In this validation study, we examined a diverse panel of influenza A positive specimens. The FluChip-8G Insight Assay did not perform as well as we had hoped. Perhaps this is not surprising as many of the discrepant samples were swine oral secretion samples, which are complex matrices of dirt and oral fluid from pigs that have been previously described as difficult to subtype [15,16,17] and on which the assay analysis algorithm was not trained or optimized. Additionally, the viral RNA in specimens was not quantified and the multiplexed FluChip-8G Insight Assay may require more RNA than singleplex molecular methods. Another important discrepancy occurred when both influenza A and B (dual infection) was identified in human clinical samples by real-time PCR subtyping but only influenza A was detected by the FluChip-8G Insight Assay. As this diagnostic tool is designed to pick up both types of influenza, this is important to note; however, for clinical diagnostics, it may be that the detection of influenza is the most important result.
Much of the work presented here is supported by several previous studies evaluating the FluChip-8G Insight Assay technology [13, 14, 18]. First, two of the most commonly misidentified subtypes in are swine H3N2 and swine H1N1. This is similar to the results presented in Taylor et al., 2019, who suggested that genetic similarity of swine H3N2 and swine H1N1 viruses to the seasonal H1N1pdm09 virus (shared some specific gene segments, such as M, NS, NP, and HA) resulted in the misidentification [13]. Hence, when the viral concentration in samples with these specific subtypes is low, these samples may be misidentified. In order to obtain more accurate results in samples with these two particular subtypes, it may be necessary to determine the concentration of viral RNA and only accept a specific threshold of RNA prior to running the FluChip-8G Insight Assay system. Second, some samples with dual infections were only detected as one subtype by the FluChip-8G Insight Assay. This finding might be explained by the Blair et al. (2019) study [14]. Blair et al., 2019 suggested that if two subtypes co-exist in one sample, the subtype with the lower concentration may not be successfully detected. Future studies examining both samples with similar genetic subtypes and samples with dual infections are needed.

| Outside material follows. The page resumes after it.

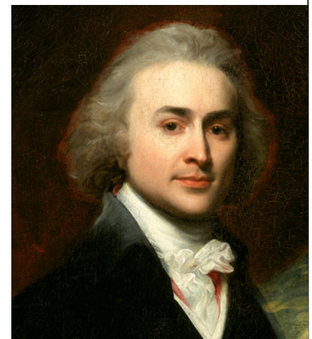
John Quincy Adams, 1796

To our knowledge, this is the first challenge of the FluChip-8G Insight Assay with bioaerosol and environmental samples containing animal-origin influenza viruses and represented an interesting challenge. This research was largely exploratory and it included quite a difficult challenge for this new technology. We examined a convenience sample of assorted field specimens positive for diverse animal influenza viruses. Some of the specimens’ concentration of influenza RNA were likely relatively low. Even so, the FluChip-8G Insight Assay performed fairly well. As the FluChip-8G Insight Assay’s software is “trained” with data from samples such as those described herein and improved over time, we can expect the diagnostic results to improve. Certainly, the FluChip-8G Insight Assay holds much promise as a valuable diagnostic tool in that it greatly reduces the diagnostic time to identify and characterize novel influenza A and B viruses as compared to standard influenza molecular subtyping and sequencing methods which may take weeks.
Availability of data and materials
The data collected during the current study are available from the corresponding author on reasonable request.
References
Woolhouse ME, Gowtage-Sequeria S. Host range and emerging and reemerging pathogens. Emerg Infect Dis. 2005;11(12):1842–7. https://doi.org/10.3201/eid1112.050997.
Coker R, Rushton J, Mounier-Jack S, Karimuribo E, Lutumba P, Kambarage D, Pfeiffer DU, Stärk K, Rweyemamu M. Towards a conceptual framework to support one-health research for policy on emerging zoonoses. Lancet Infect Dis. 2011;11(4):326–31. https://doi.org/10.1016/S1473-3099(10)70312-1.
Coker RJ, Hunter BM, Rudge JW, Liverani M, Hanvoravongchai P. Emerging infectious diseases in Southeast Asia: regional challenges to control. Lancet. 2011;377(9765):599–609. https://doi.org/10.1016/S0140-6736(10)62004-1.
Borkenhagen LK, Wang GL, Simmons RA, Bi ZQ, Lu B, Wang XJ, Wang CX, Chen SH, Song SX, Li M, Zhao T, Wu MN, Park LP, Cao WC, Ma MJ, Gray GC. High Risk of Influenza Virus Infection Among Swine Workers: Examining a Dynamic Cohort in China. Clin Infect Dis. 2020;71(3):622-9. https://doi.org/10.1093/cid/ciz865.
Anderson BD, et al. Prospective surveillance for influenza. virus in Chinese swine farms. Emerg Microbes Infect. 2018;7(1):87.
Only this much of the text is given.